* What is required *
The reply should hold every line of the listing exactly, and none of its images.

* Dataset section *
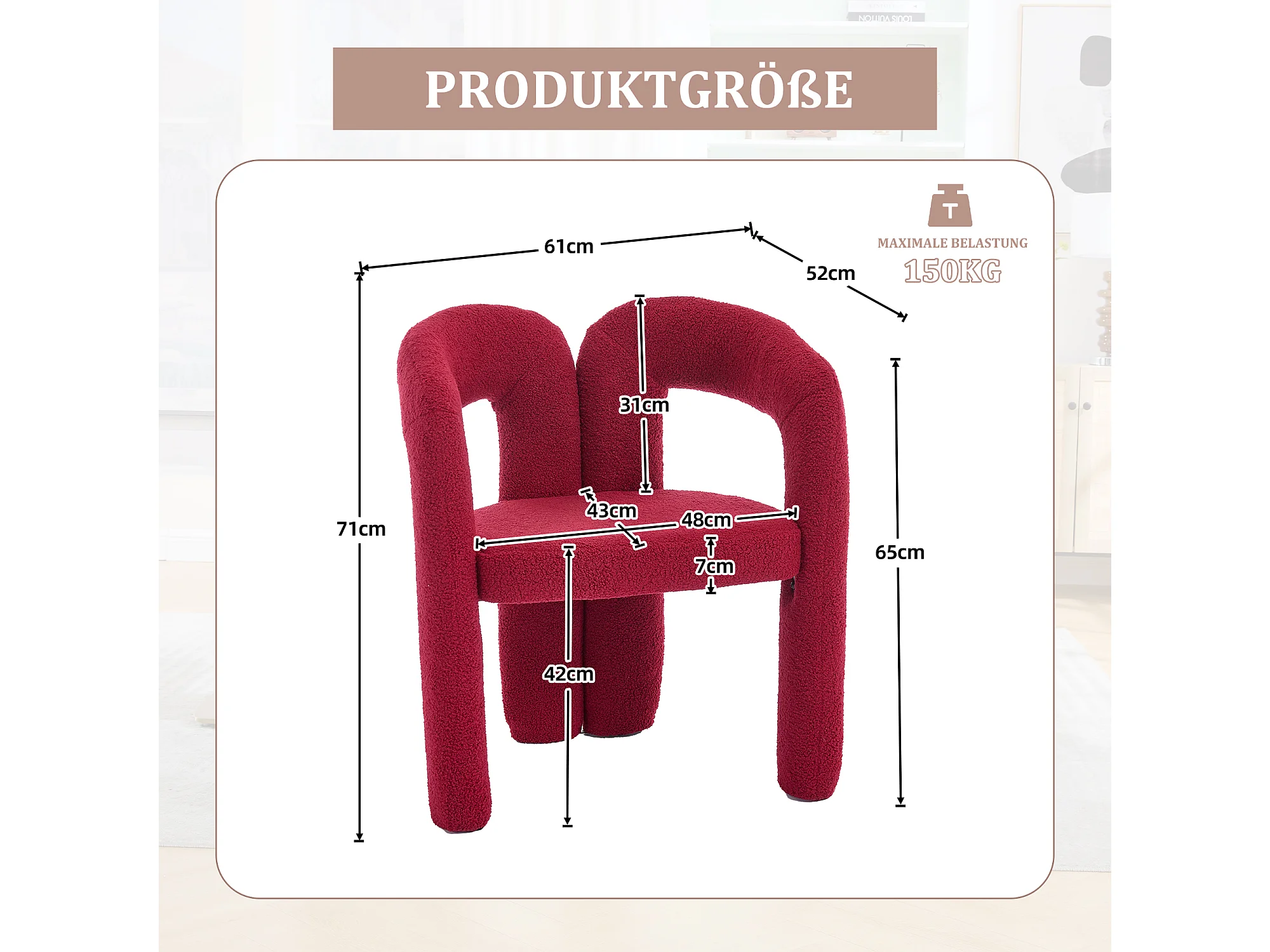 Lot de 2 fauteuils ergonomiques avec velours - 61 x 52 x 71 cm - pour le salon ou le bureau - velours - rouge
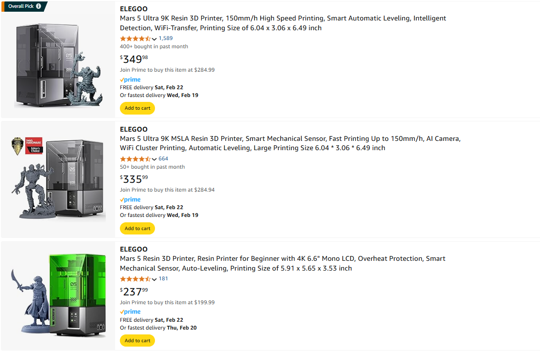 ELEGOO Mars系列产品 图源:亚马逊
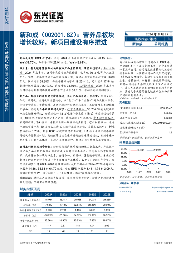 公司盈利预测及投资评级:新和成是国内优质的精细化工合成龙头,产业链一体化和产品系列化推动公司逐渐成长为精细化工龙头。公司从医药中间体起家,成功将业务拓展到维生素、香精香料、新材料、蛋氨酸等领域。未来公司新项目的逐步建设有望进一步丰富公司产品体系。基于公司2024年中报,我们相应调整公司2024~2026年盈利预测。我们预测公司2024~2026年净利润分别为44.36、53.68和64.70亿元,对应EPS分别为1.44、1.74和2.09元,当前股价对应P/E值分别为13、11和9倍。维持“强烈推荐”评级。
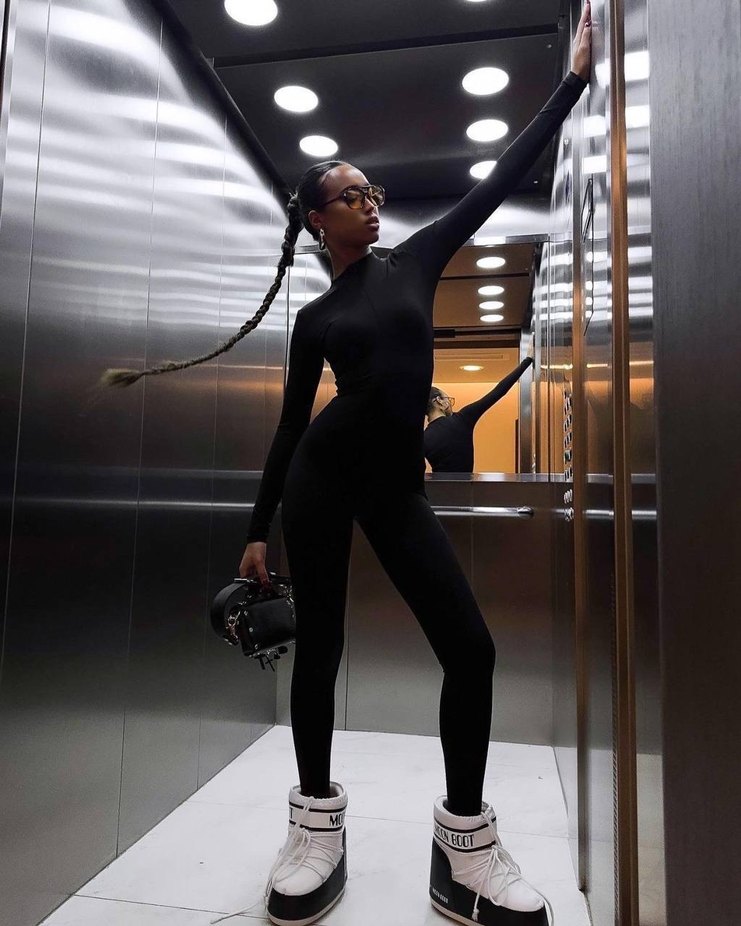 Yüksek yakalı, ince kesim siyah tulum. Spor ve sokak modasına uygun şık tasarım.

* Output of the exercise *
 Lot de 2 fauteuils ergonomiques avec velours - 61 x 52 x 71 cm - pour le salon ou le bureau - velours - rouge
 ELEGOO Mars系列产品 图源:亚马逊
 公司盈利预测及投资评级:新和成是国内优质的精细化工合成龙头,产业链一体化和产品系列化推动公司逐渐成长为精细化工龙头。公司从医药中间体起家,成功将业务拓展到维生素、香精香料、新材料、蛋氨酸等领域。未来公司新项目的逐步建设有望进一步丰富公司产品体系。基于公司2024年中报,我们相应调整公司2024~2026年盈利预测。我们预测公司2024~2026年净利润分别为44.36、53.68和64.70亿元,对应EPS分别为1.44、1.74和2.09元,当前股价对应P/E值分别为13、11和9倍。维持“强烈推荐”评级。
 Yüksek yakalı, ince kesim siyah tulum. Spor ve sokak modasına uygun şık tasarım.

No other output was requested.